If you shake them out, at least they can support your other colonies until they die in the field of exhaustion.

Just had my first Drone Laying Queen... the consoling fact is that it is not my fault and it is not your fault. (Unlike most tragedies that befall bee keepers.)
 
Your profile says three colonies - can't you make up a decently populated nuc to put the new queen in? otherwise that colony will struggle too. In all honesty I think the hive she was originally intended for is doomed - I'd have shaken them out a long time ago (and I'm not one to be hasty) so making up a fresh nuc would be a better idea - two or three brood, a frame of stores and a frame with drawn comb, plenty of bees, leave them q- for a few hours then introduce new queen in her cage with attendant bees(absolutely no point faffing around with removing them unless she and the workers are an import when you have to) put a bit of tape over the candy so the bees can't get at it and leave for a few days, then go in and remove he tape and wait fr them to get her out and laying. If there isn't much of a flow on it does help if you put a few pints of 1:1 syrup on.
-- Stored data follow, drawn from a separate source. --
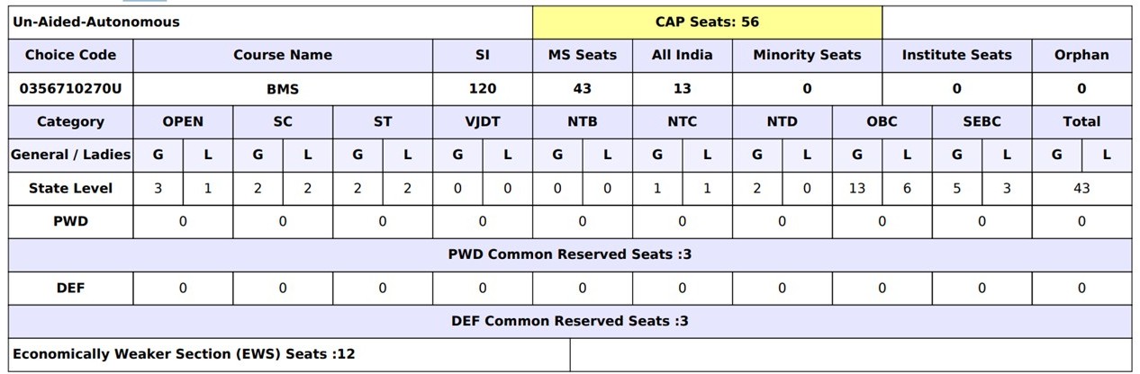 Admission to BMS is conducted through the Maharashtra CET Cell and the Centralized Admission Process (CAP Rounds)
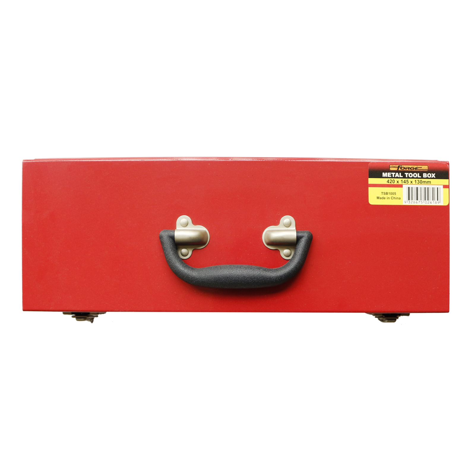 Portable steel tool box with full-length piano hinge, two latches, and powder-coat paint finish.
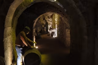 Más de siete kilómetros de recorrido de galerías, construidas entre 10 y 14 metros de profundidad, en las que se dan las condiciones idóneas de temperatura (entre 9 y 11 grados) y humedad para la conservación y elaboración de vino. Los túneles conectan unas bodegas con otras y tienen su origen en la economía del pueblo.
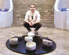en mármol que permanecen debajo de la bóveda del MAM, un trabajo con el que busca generar una conversación con el espacio diseñado por el arquitecto Pedro Ramírez Vázquez, además, de una vitrina con sus obras pasadas.
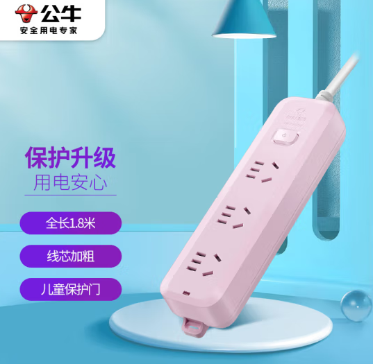 公牛(BULL)茱萸粉插座/插排GN-B8030H 3位总控全长1.8米 (zhyghf_221712239)SKU:yzwhyp885879
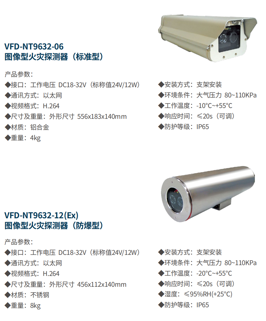 依據(jù)《GB15631-2008特種火災(zāi)探測器》標(biāo)準(zhǔn)設(shè)計,圖像型火災(zāi)探測器采用圖像火焰識別算法,以可見光和近紅外光譜探測技術(shù),無需接觸火焰,即可捕獲現(xiàn)場火災(zāi)信息和圖像信息,,具有響應(yīng)速度快、可視化、無接觸、抗干擾能力強(qiáng)和性價比高等特點(diǎn),高效實(shí)現(xiàn)對被保護(hù)區(qū)域的早期火焰探測!
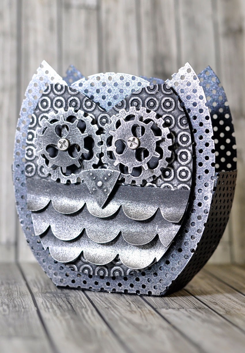 Here is a gift box made using the Bigz XL owl bag. It's a really lovely die perfect for party favours and the like and I'm sure you will be seeing it in many magazine projects and in many different colour combinations and materials.
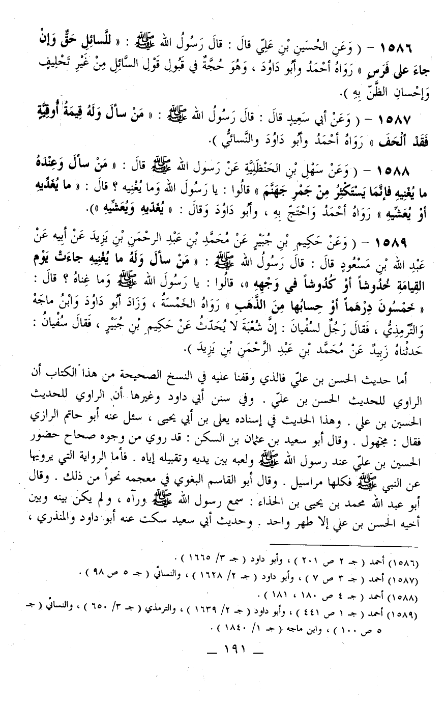 1589 - (وَعَنْ حَكِيمِ بْنِ جُبَيْرٍ عَنْ مُحَمَّدِ بْنِ عَبْدِ الرَّحْمَنِ بْنِ يَزِيدَ عَنْ أَبِيهِ عَنْ عَبْدِ اللَّهِ بْنِ مَسْعُودٍ قَالَ: قَالَ رَسُولُ اللَّهِ - صَلَّى اللَّهُ عَلَيْهِ وَسَلَّمَ -: «مَنْ سَأَلَ وَلَهُ مَا يُغْنِيهِ جَاءَ يَوْمَ الْقِيَامَةِ خُدُوشًا أَوْ كُدُوشًا فِي وَجْهِهِ قَالُوا: يَا رَسُولَ اللَّهِ - صَلَّى اللَّهُ عَلَيْهِ وَسَلَّمَ - وَمَا غِنَاهُ؟ قَالَ: خَمْسُونَ دِرْهَمًا أَوْ حِسَابُهَا مِنْ الذَّهَبِ» رَوَاهُ الْخَمْسَةُ، وَزَادَ أَبُو دَاوُد وَابْنُ مَاجَهْ وَالتِّرْمِذِيُّ، فَقَالَ رَجُلٌ لِسُفْيَانَ: إنَّ شُعْبَةَ لَا يُحَدِّثُ عَنْ حَكِيمِ بْنِ جُبَيْرٍ، فَقَالَ سُفْيَانُ: حَدَّثَنَاهُ زُبَيْدٌ عَنْ مُحَمَّدِ بْنِ عَبْدِ الرَّحْمَنِ بْنِ يَزِيدَ)

Hello again. i did have three clonies. but lost one this early spring and now looks like i am about to lose another due to drone laying queen. My final colony is weak having brood on just two frames, but they are now growing again.
So with my new queen i did the only thing i could do and that is i split my already weak colony into two nucs and introduced new queen yesterday. removed cage end this morning.
Both nucs have plenty of bees and appear to have settled well. I have introduced syrup to original queen nuc as they were drawing a new frame before split and so may continue.
I shall leave them alone now for a week and then re-access.
Thanks for your help much appreciated.